– Уберите звук! – кричал папа.
Пришедшая в ужас мама пробежала глазами накладные:
– Что за бред? Быть такого не может! Я не стану ничего подписывать. Это жульничество! Вам ясно?
– Ваш муж сказал мне…
– Вот пусть он и платит! Я и на сантим не превышу первоначальную смету!
Они спорили, стараясь перекричать друг друга. Мама была не из тех женщин, которых мог запугать архитектор, пусть даже дипломированный специалист и здоровенный мужик, вдвое больше ее в размерах. Папа, ведавший исключительно поставками, неожиданно вспомнил, что у него назначена срочная встреча, и ускользнул через заднюю дверь.
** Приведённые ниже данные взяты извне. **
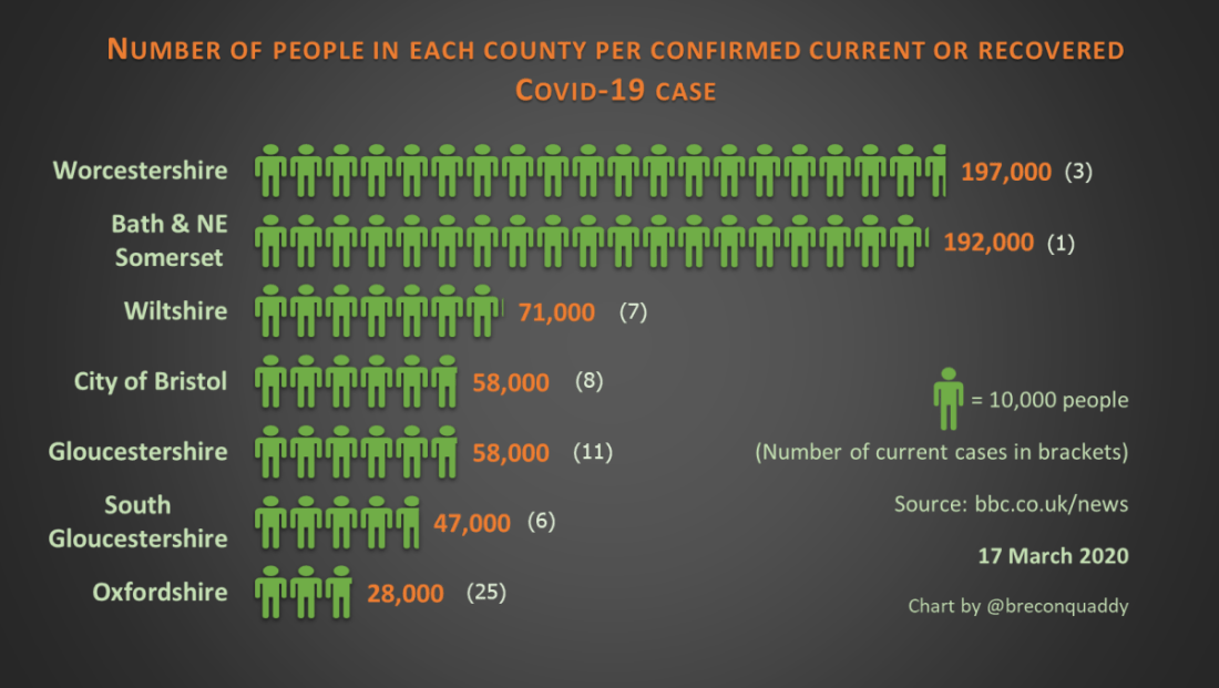 Gloucestershire currently has 11 confirmed cases of Covid-19. That’s one case for every 58,000 residents. It was only six for several days, then it kicked up on 17 March.

Мама с архитектором искали его, но не нашли – никто не видел, как он уходил. Папино исчезновение еще больше их раззадорило. Архитектор счел, что его держат за болвана. Мама оскорбилась. Оба заявили, что вызовут своих адвокатов, и стали грозить друг другу судами. Каждый был уверен, что выиграет: архитектор пользовался влиянием, у мамы были высокопоставленные знакомые. Послушать их, так выходило, что один из них будет жалеть о случившемся до конца своих дней. Мама сняла трубку и набрала номер. Ее адвоката на месте не оказалось. Она не разрешила архитектору звонить из своего кабинета. Он приказал рабочим покинуть стройку. Мама пригрозила, что не заплатит, если они не закончат работу, и несчастные не знали, что делать. В этот момент снова появился папа, что только подогрело исступление архитектора, мамы и прораба-итальянца, требовавшего немедленной оплаты. Перед лицом коллективного безумия я почувствовал себя бессильным, вернулся домой и взялся за «Человека бунтующего».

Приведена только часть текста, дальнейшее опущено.